■ PROBLEM TO WORK ON
An exact copy of the lines from the top of the data through the line with "Anime-Stil Ausmalbild: Ein" is what you should give, with no pictures in it.
** MATERIAL FOR THE TASK follows **
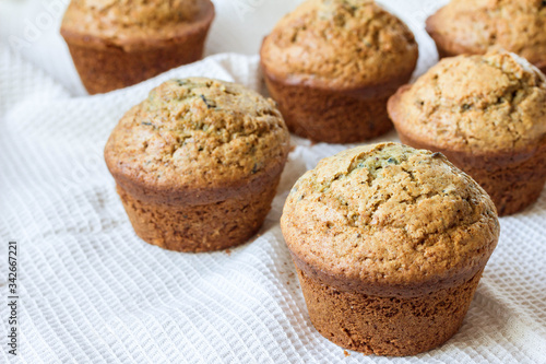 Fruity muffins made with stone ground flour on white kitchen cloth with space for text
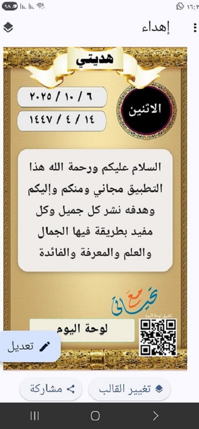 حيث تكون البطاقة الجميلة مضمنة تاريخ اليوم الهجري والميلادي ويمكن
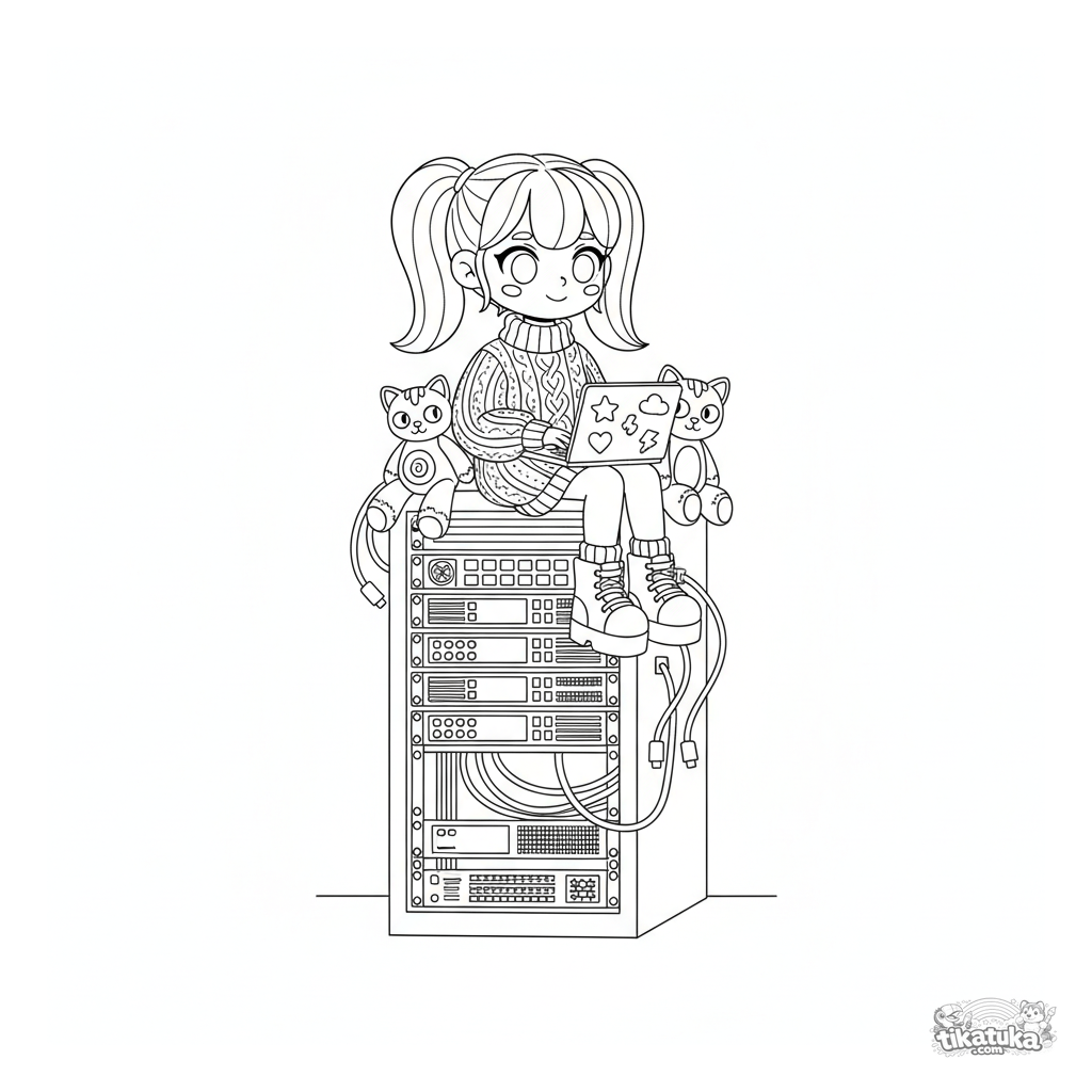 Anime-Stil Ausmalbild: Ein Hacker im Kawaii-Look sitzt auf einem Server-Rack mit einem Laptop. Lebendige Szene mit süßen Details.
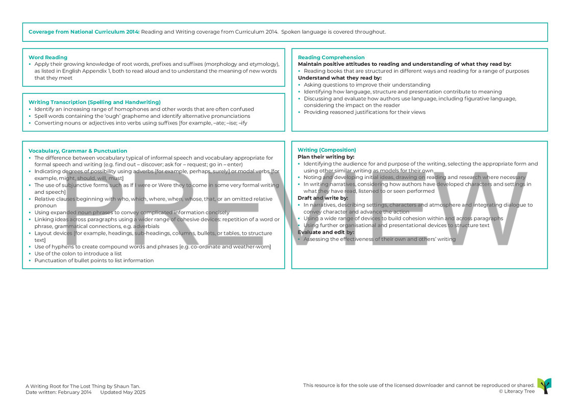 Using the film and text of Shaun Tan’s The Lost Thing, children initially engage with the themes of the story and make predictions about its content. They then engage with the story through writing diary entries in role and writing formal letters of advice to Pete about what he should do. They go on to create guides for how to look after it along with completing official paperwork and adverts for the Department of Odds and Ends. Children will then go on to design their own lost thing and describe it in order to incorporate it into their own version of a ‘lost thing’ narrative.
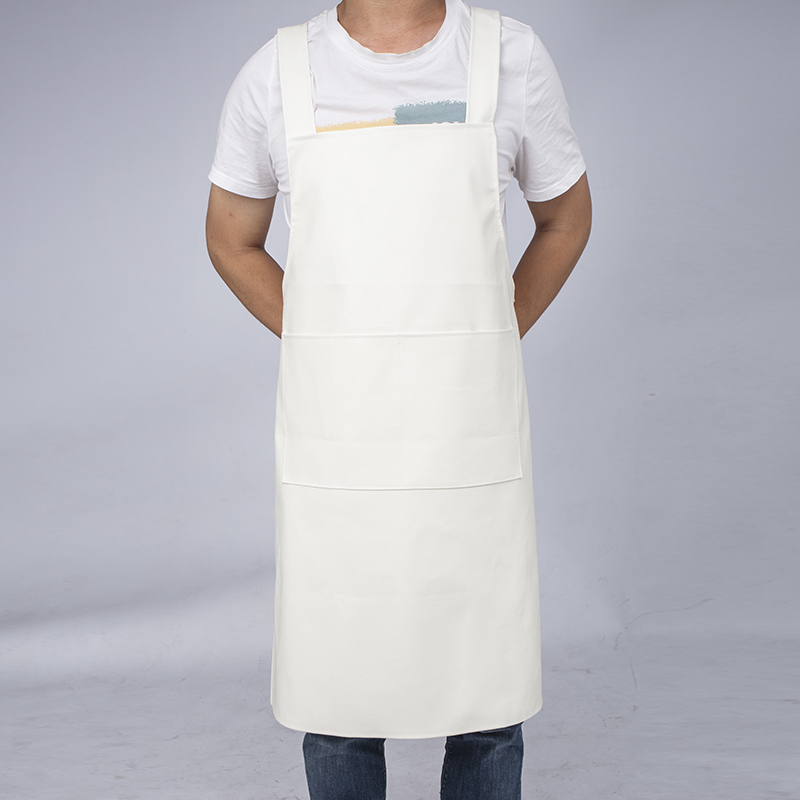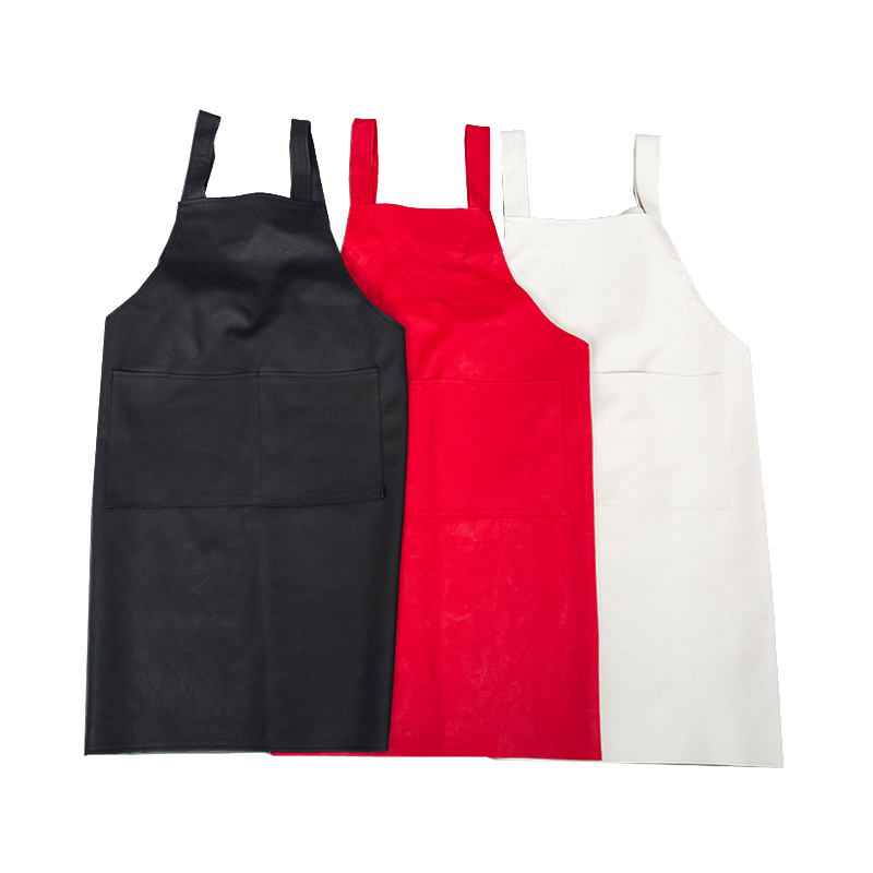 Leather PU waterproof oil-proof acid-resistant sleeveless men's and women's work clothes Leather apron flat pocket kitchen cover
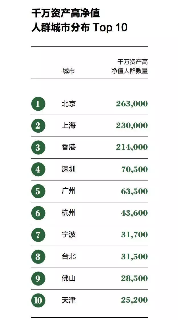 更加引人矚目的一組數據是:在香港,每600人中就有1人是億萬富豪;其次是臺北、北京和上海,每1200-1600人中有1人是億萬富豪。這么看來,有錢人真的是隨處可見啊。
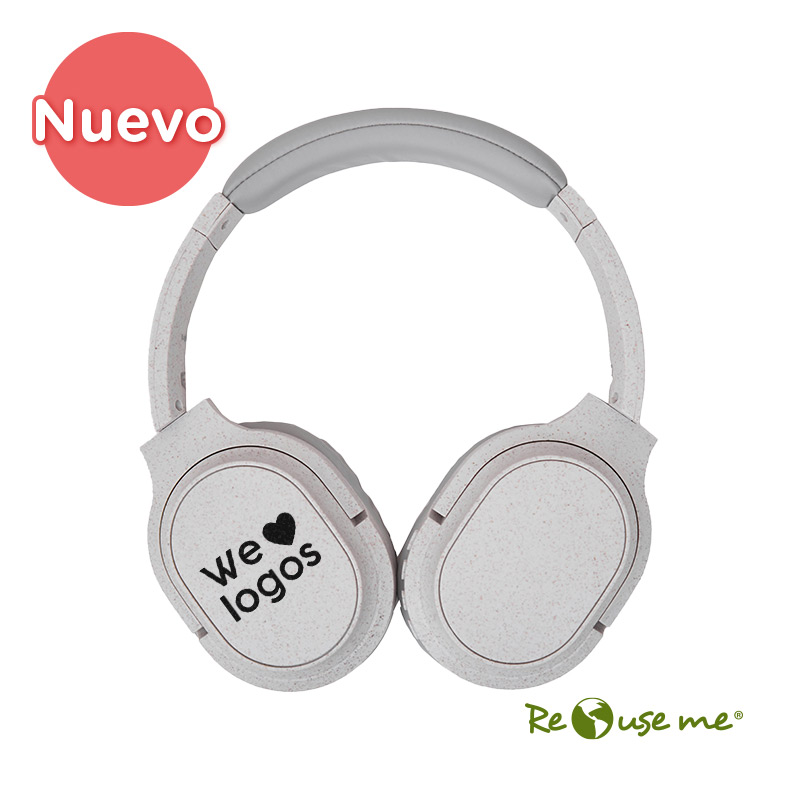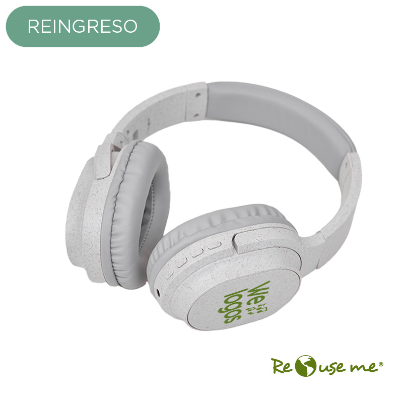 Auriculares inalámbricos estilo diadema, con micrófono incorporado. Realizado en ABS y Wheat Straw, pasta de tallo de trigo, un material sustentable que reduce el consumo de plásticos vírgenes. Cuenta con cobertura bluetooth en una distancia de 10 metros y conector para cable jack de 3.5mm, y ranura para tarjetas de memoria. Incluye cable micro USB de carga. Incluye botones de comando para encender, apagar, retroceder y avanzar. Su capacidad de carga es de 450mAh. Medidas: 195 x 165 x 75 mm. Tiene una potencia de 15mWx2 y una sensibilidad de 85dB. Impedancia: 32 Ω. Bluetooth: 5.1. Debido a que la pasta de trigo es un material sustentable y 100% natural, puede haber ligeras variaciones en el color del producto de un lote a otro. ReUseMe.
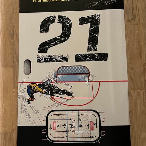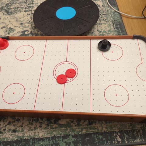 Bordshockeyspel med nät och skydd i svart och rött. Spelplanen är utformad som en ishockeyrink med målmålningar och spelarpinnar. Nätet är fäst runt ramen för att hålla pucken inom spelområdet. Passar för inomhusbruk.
** End of MATERIAL FOR THE TASK **
■ WRITTEN ANSWER
 Fruity muffins made with stone ground flour on white kitchen cloth with space for text
 حيث تكون البطاقة الجميلة مضمنة تاريخ اليوم الهجري والميلادي ويمكن
 Anime-Stil Ausmalbild: Ein Hacker im Kawaii-Look sitzt auf einem Server-Rack mit einem Laptop. Lebendige Szene mit süßen Details.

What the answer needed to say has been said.